Elon Musk Faces Last Chance To Reclaim $56 Billion Pay Package
Delaware’s top court will hear arguments on Wednesday in a case that could reshape executive compensation and the state’s corporate appeal.

Tech mogul Elon Musk’s fight to reclaim what was once the largest executive compensation package in history reaches a critical juncture this week, as the Tesla chief will seek to convince Delaware’s highest court to reinstate his controversial $56 billion pay deal.
The appeal, which is set for oral arguments on Wednesday, is slated to have significant consequences not only for Mr. Musk and his future at Tesla but also for Delaware’s reputation as America’s corporate capital.
The legal saga dates back to 2018, when Mr. Musk’s compensation — which, at the time, hovered around $50 billion — was challenged in a suit brought by a group of Tesla shareholders. They claimed that the board misled them into believing that the performance goals were more difficult to achieve than they actually were, and thus had failed to uphold their fiduciary duty of operating in the best interest of shareholders.

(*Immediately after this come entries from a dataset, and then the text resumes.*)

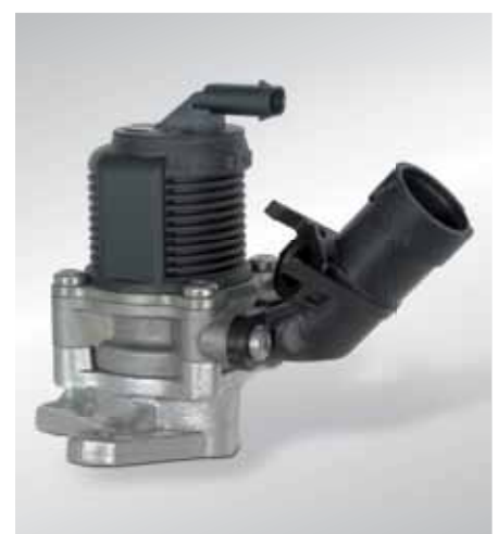
Elektrische secundaireluchtclep (sinds ca. 2007)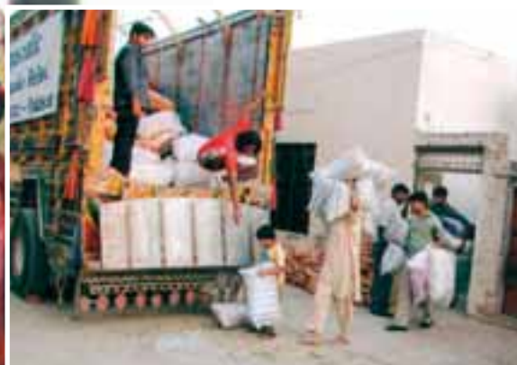
Vognen læsses: Alle hjælper til, når vognen skal læsses.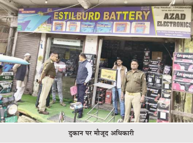
दुकान पर मौजूद अधिकारी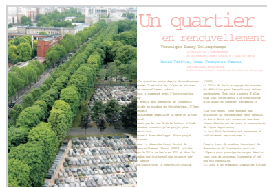
un quartier en renouvellement urbain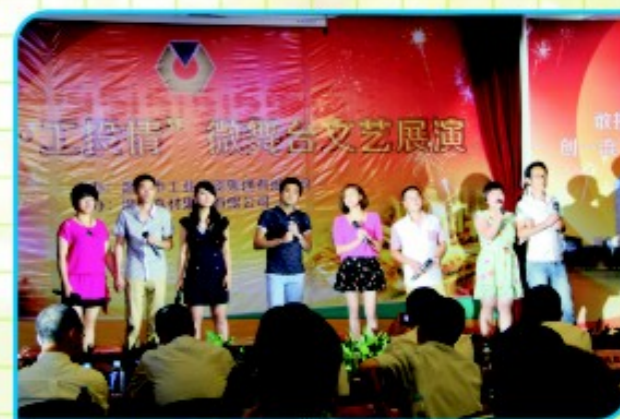
医药集团表演小组唱《相亲相爱的一家人》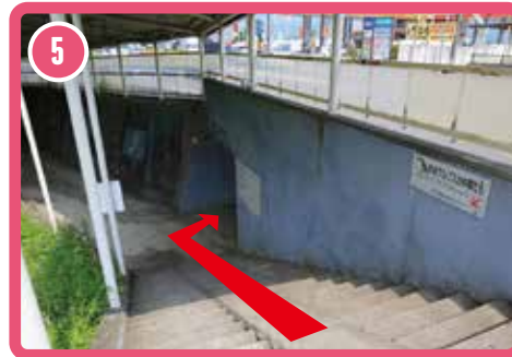
5 เดินลงบันไดและเลี้ยวขวาของทางเดินใต้ดิน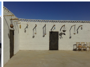
Im Magzoub Hostel

*Es wird empfohlen, das Programm an einem Freitag zu beginnen (und entsprechend an einem Montag zu beenden).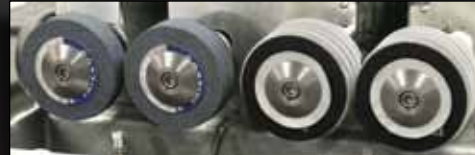
Pedras para desbaste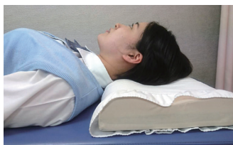
▲プラウド・ピロー使用時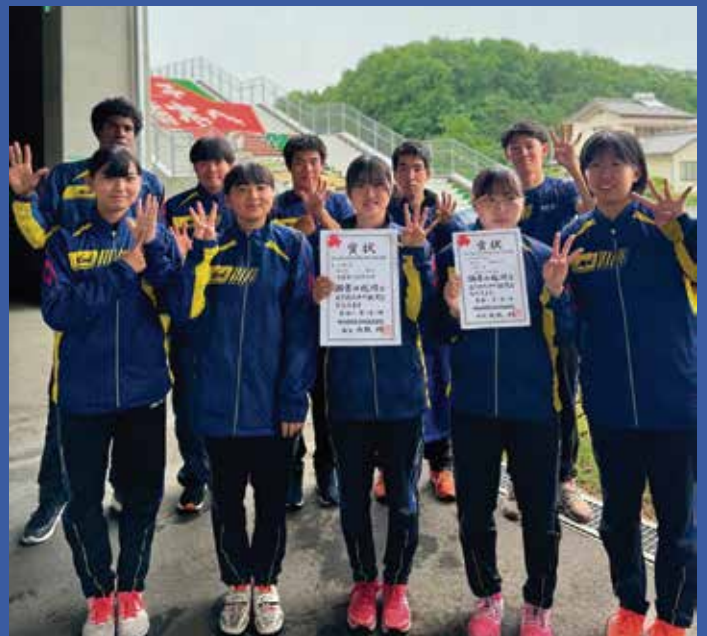
Con el equipo de atletismo de la escuela Seiran Taito de la ciudad de Sano, en Tochigi

duda en apoyar material y moralmente al campeón de la casa y han sido muchas las veces que ha descansado en el trabajo, para viajar a otras prefecturas y verlo competir.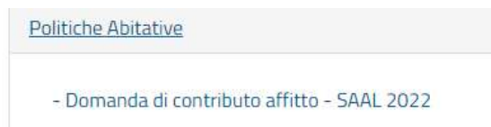
Fig. 4 – Stralcio Schermata “Politiche Abitative”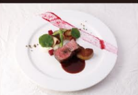
フレンチ ディナー (イメージ) ※実際の料理とは異なる場合がございます。

【ご注意】お客様事情にて朝食および夕食をお召し上がりいただかなかった場合でも、ご返金等とはございません。予めご了承ください。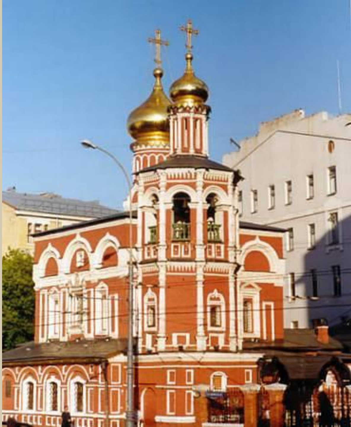
Церковь Всех Святых на Кулишках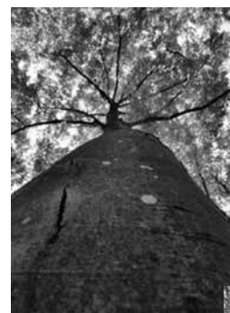
Abb. 1: Astabbrüche können für Waldbesuchende gefährlich werden.

Trockenheit und heiße Temperaturen setzen dem Wald gleich mehrfach zu. Damit die Situation nicht auch für Naturfreunde brenzlich wird, mahnt das AELF zu erhöhter Aufmerksamkeit. Die spontanen Abbrüche der Grünäste seien selbst für Experten nicht vorhersehbar, sagt Nitzl und bittet zugleich um Verständnis für anstehende Verkehrsicherungsmaßnahmen entlang der Waldweg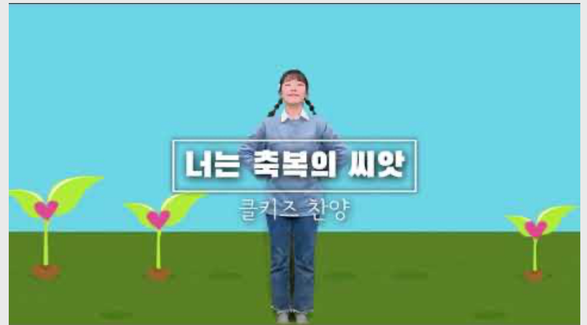
(어린이) 너는 축복의 씨앗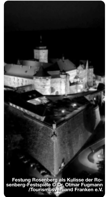
Festung Rosenberg als Kulisse der Rosenberg-Festspiele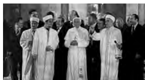
Benedetto XVI, scalzo, nella Moschea OR.07.12.2006

6) La Rivoluzione della dottrina sociale: B.XVI OR: 23.12. 2006: «Accogliere le vere conquiste dell'illuminismo» B.XVI OR, 6.10.2007 «La Commissione teologica internazionale... adesso... la legge morale naturale... la fede non è un'imposizione dall'esterno». B.XVI OR,14.5.2007: «Il rispetto di una sana laicità compresa la pluralità delle posizioni politiche è essenziale alla tradizione cattolica». B.XVI OR,08.01.2007: «costruzione di un umanesimo integrale». B.XVI, O.R. 7.6.2008 ripete ancora: «Dobbiamo accogliere le autentiche conquiste dell'illuminismo». B.XVI O.R. 01/05/2008: «All'udienza generale il Papa ripropone gli Stati Uniti come valido esempio di laicità. Nella patria della libertà religiosa...» nel contesto liturgico dei Vespri abbiamo lodato il Signore per il cammino compiuto dal popolo di Dio negli Stati Uniti... Nella ricorrenza del 60° anniversario della «Dichiarazione Universale dei Diritti dell'Uomo», la Provvidenza mi ha dato l'opportunità di confermare il valore di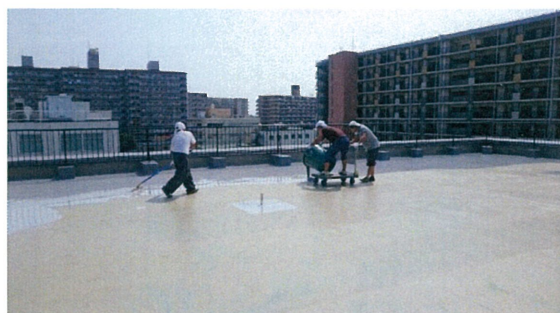
AM9:00 まだ幾分涼しい屋上です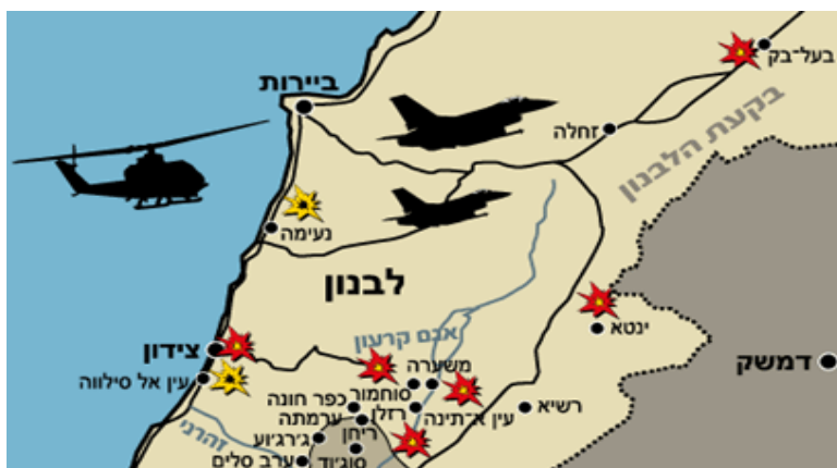
מפת פעולה של מבצע "דין וחשבון" 52

אין פירוש הדבר שפג תוקפה של 'תפיסת דין' בחשיבה הישראלית, אלא שהיא שינתה את צורתה: מבצעי הפעלת הכוח הגדולים בשנות התשעים נגד חיזבאללה בלבנון הראו כי העקרונות הבסיסיים של התפיסה נותרו בעינם, הגם שהיו למבצעים הללו כמה מאפיינים ייחודיים. 50 כמו בעבר היו אלה מבצעים שנועדו להסלמה למטרת מניעת הסלמה. מבצעי האש בלבנון באו כתגובה על הסלמה בלחימה בין חיזבאללה לישראל, והם נועדו להפעיל לחץ כדי למנוע המשך ההסלמה. אולם לא כמו רוב המקרים בעבר, הלחץ היה עקיף שבעקפים: במבצעי "דין וחשבון" ו"ענבי זעם" ב-1993 ו-1996 המטרה הייתה להפסיק את ההסלמה של חיזבאללה, והשיטה הייתה יצירת לחץ על תושבי דרום לבנון שאמורים היו ללחוץ על ממשלת לבנון, כדי שמצידה תפעיל לחץ על סוריה, שנחשבה אז למי ששולטת בחיזבאללה. ואכן, מאות אלפי לבנונים הפכו במכוון פליטים בארצם במהלך "דין וחשבון", וגם ב"ענבי זעם" התרחשה תופעה דומה. 51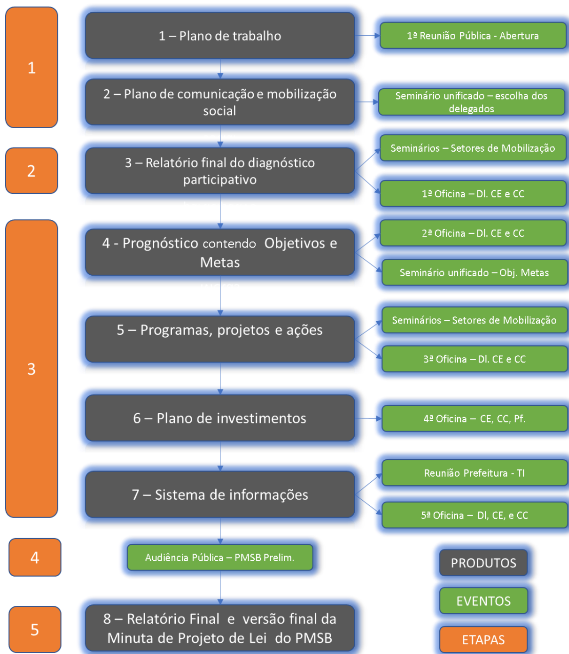
Figura 1 – Etapas, produtos e eventos.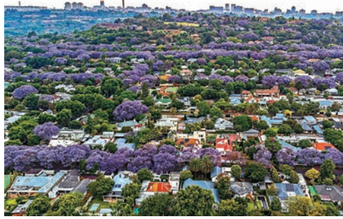
◆每年10月，約翰內斯堡藍花楸盛開。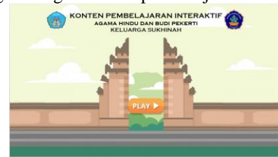
Gambar 2 Halaman Awal

gambar dan video, pemetaan layout tampilan dari setiap slide pada Articulate Storyline 3. Berikut ini merupakan hasil pengembangan konten pembelajaran interaktif.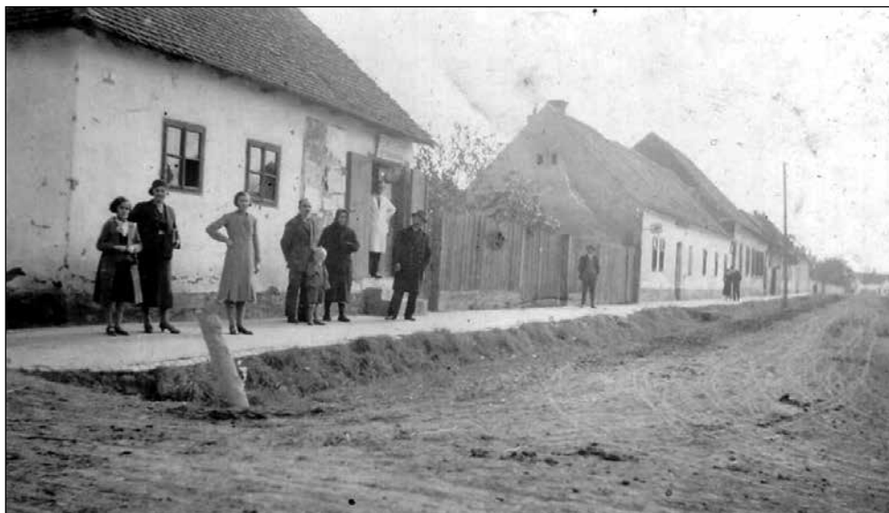
Slika 3. Red starih kuća na istočnoj strani ulice. U prvoj je (izgleda šezdesetih godina 19. stoljeća) bila brijačnica Stjepana Fehira.

Na mjestu nekadašnje kovačnice nalazi se trokatnica s poslovnim prostorima i potkrovljem, koja nosi kbr. 3. U zgradi se nalaze 17 stambenih i sedam poslovnih prostora. 17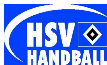
HSV-Handballmannschaft mit drei Weltmeistern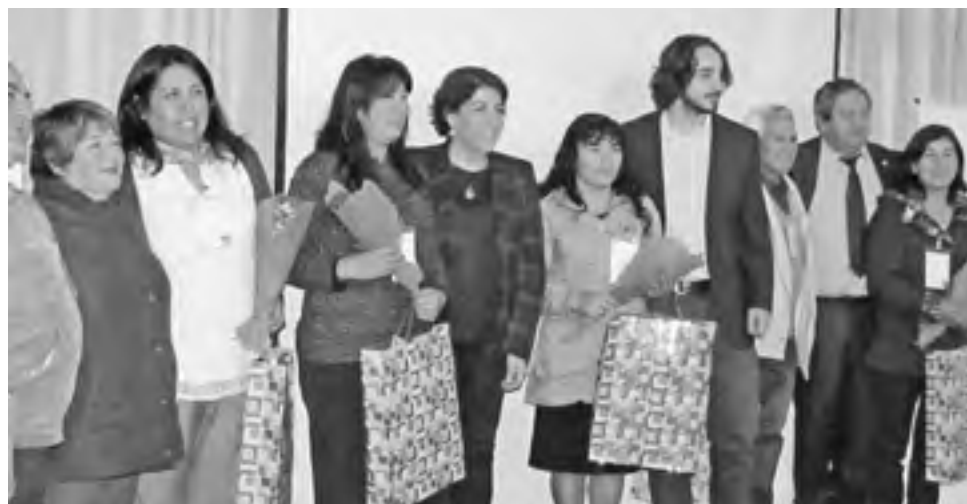
DICHO PROGRAMA se inició en septiembre del 2014 y tuvo una duración de 7 meses.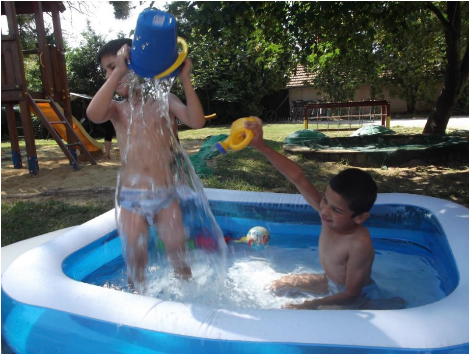
Nyári hűsítő fürdő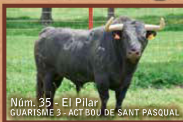
Núm. 35 - El Pilar GUARISME 3 - ACT BOU DE SANT PASQUAL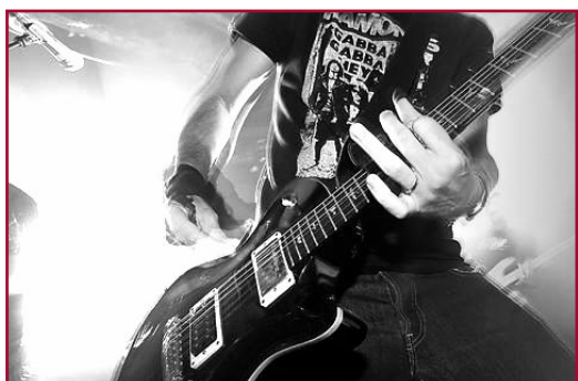
MJC - Vendredi 16 décembre à 21h Tarif : 1 jeu, jouet état neuf (pas de peluche) ou 5 € - Renseignements : 02 32 43 00 89 ou sur www.mjcbernay.fr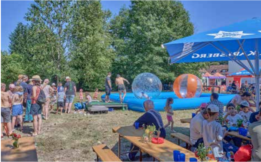
Auf dem Gelände des Homburger Wasserwerks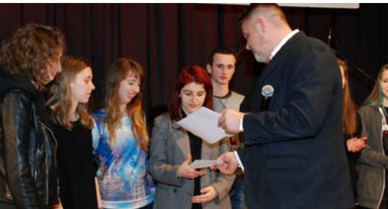
Żeńska grupa The Riddle z Krakowa odebrała nagrodę za II miejsce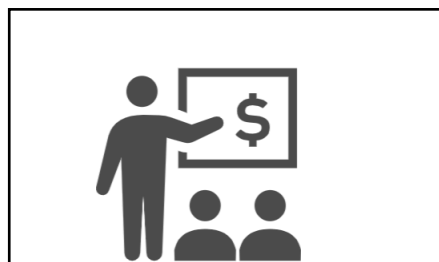
【スライド6：働く障がい者の方の様子③】

They also argued that many members of Tesla’s board — including Mr. Musk’s brother, Kimbal Musk, and James Murdoch, who is the son of press tycoon Rupert Murdoch and formerly a close friend of Mr. Musk — lacked the independence to decide fairly due to their close personal relationships with the Tesla chief executive.
Mr. Musk was dealt his first blow when the Delaware Chancery Court chancellor, Kathaleen McCormick, ruled in favor of the plaintiffs, concluding that the process leading up to the plan’s approval was “deeply flawed.”
Undeterred, Mr. Musk took the unusual step of appealing directly to Tesla’s shareholders. The company’s board urged investors to support the package, arguing that retaining Mr. Musk’s “attention” and “focus” remains a top priority and that the stock option plan would “only serve to incentivize him to continue delivering value to Tesla and our stockholders.”
The vote was held in June 2024 and some 77 percent of Tesla’s investors voted in support of Mr. Musk’s compensation plan. Judge McCormick, though, upheld her previous ruling, stating that a shareholder voter cannot simply “revise” a legal judgement. Tesla appealed the ruling in January.
For Mr. Musk, the supreme court hearing represents a final opportunity to reinstate his historic pay package. However, Tesla has already taken steps to ensure his compensation regardless of the outcome. The board approved an interim package worth nearly $30 billion while the case proceeds, and in it September proposed an audacious target-based plan that could reward Musk up to $1 trillion over the next decade. Shareholders will vote on that proposal in November.
Perhaps more consequential is the ruling’s potential impact on Delaware itself. The state has long pitched itself as the premier destination for corporate incorporation, generating substantial revenue from incorporation fees and franchise taxes.
The fallout has already begun. During the legal battle, Mr. Musk accused Delaware’s legal system of being hostile to corporations and reincorporated Tesla in Texas, which he characterized as more business-friendly. Tesla’s departure triggered a broader exodus, with major companies including Dropbox and Tripadvisor following suit.
“An exodus of corporations could have dire consequences for Delaware,” Fordham Law School’s Journal of Corporate and Financial Law warned in an article published earlier this year.